**WHAT IS BEING ASKED**: An exact transcription of the lines from the one holding "Packaged in a" to the end of the entries below, and nothing more, is the required answer. Please omit the pictures.
·····
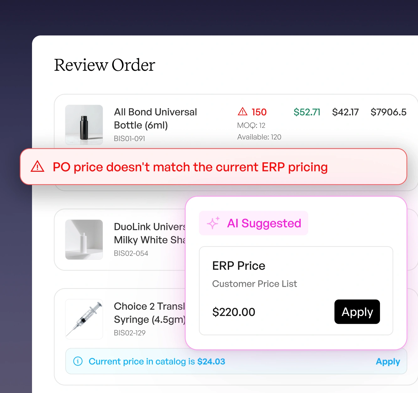 Cross-checks all details against ERP data, price lists, inventory, and past orders.
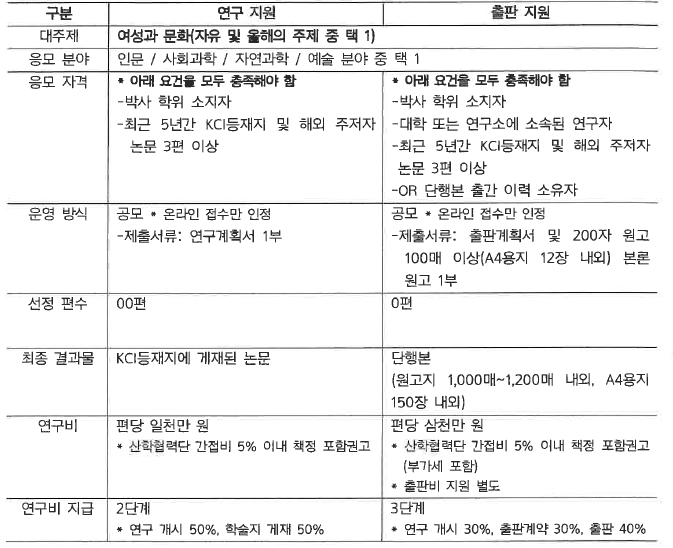 붙임 여성과 문화 정기 학술 공모 요강 1부. 끝.
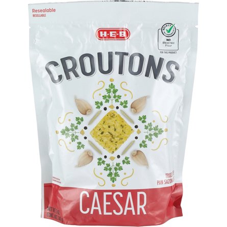Packaged in a resealable bag for freshness, H-E-B Caesar croutons take the usual lettuce salad to a whole new level of tastiness. Seasoned with garlic, parmesan cheese and a blend of spices, these baked bread cubes are not limited to topping only Caesar salads — try sprinkling them onto Greek, chef ...
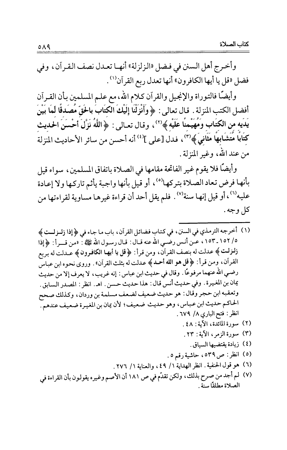 وأخرج أهل السنن في فضل "الزلزلة" أنها تعدل نصف القرآن، وفي فضل "قل يا أيها الكافرون" أنها تعدل ربع القرآن.
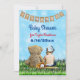Bebê e ursinho bonitos com boné de beisebol, luva de baseball e beisebol e taco sentados juntos na grama por um campo de beisebol. Este é um tema fofo para o chá de fraldas de um menino no primavera ou verão.
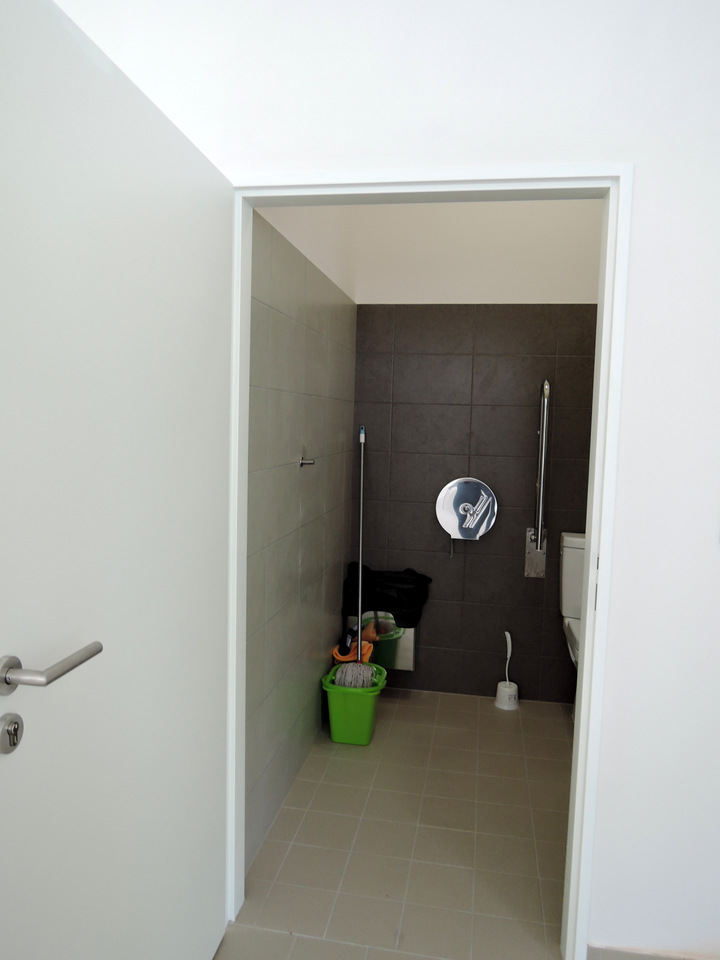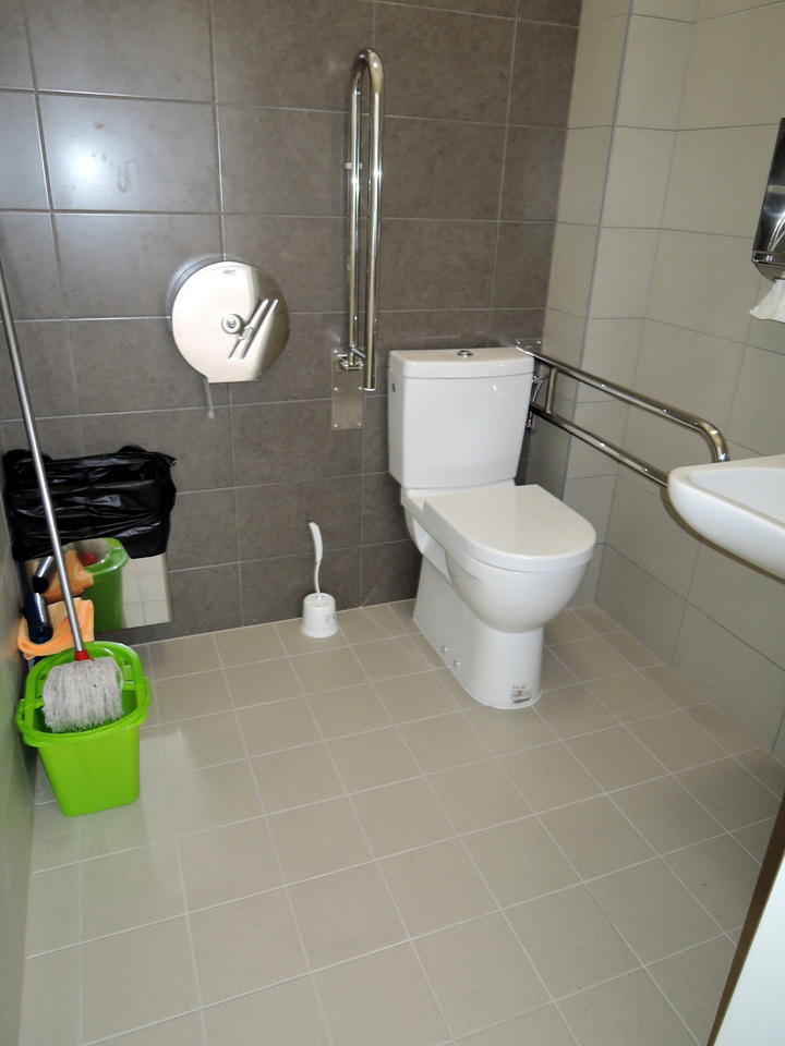 Uzamčená přístupná toaleta (dveře šířka 90 cm; kabina šířka 181 cm, hloubka 167 cm) je samostatná a nachází se v nádražní hale. Klíč je k zapůjčení u pokladny. Jednokřídlé dveře do WC jsou označené a otevírají se mechanicky směrem ven. Přístup k míse z pohledu od vstupu do kabiny je zleva. Prostor pro vozík vedle WC mísy je dostatečný (šířka 109 cm). Toaletní mísa je vybavena jedním sklopným a jedním pevným madlem.
·····
**ANSWER SECTION**:
Packaged in a resealable bag for freshness, H-E-B Caesar croutons take the usual lettuce salad to a whole new level of tastiness. Seasoned with garlic, parmesan cheese and a blend of spices, these baked bread cubes are not limited to topping only Caesar salads — try sprinkling them onto Greek, chef ...
 وأخرج أهل السنن في فضل "الزلزلة" أنها تعدل نصف القرآن، وفي فضل "قل يا أيها الكافرون" أنها تعدل ربع القرآن.
Bebê e ursinho bonitos com boné de beisebol, luva de baseball e beisebol e taco sentados juntos na grama por um campo de beisebol. Este é um tema fofo para o chá de fraldas de um menino no primavera ou verão.
 Uzamčená přístupná toaleta (dveře šířka 90 cm; kabina šířka 181 cm, hloubka 167 cm) je samostatná a nachází se v nádražní hale. Klíč je k zapůjčení u pokladny. Jednokřídlé dveře do WC jsou označené a otevírají se mechanicky směrem ven. Přístup k míse z pohledu od vstupu do kabiny je zleva. Prostor pro vozík vedle WC mísy je dostatečný (šířka 109 cm). Toaletní mísa je vybavena jedním sklopným a jedním pevným madlem.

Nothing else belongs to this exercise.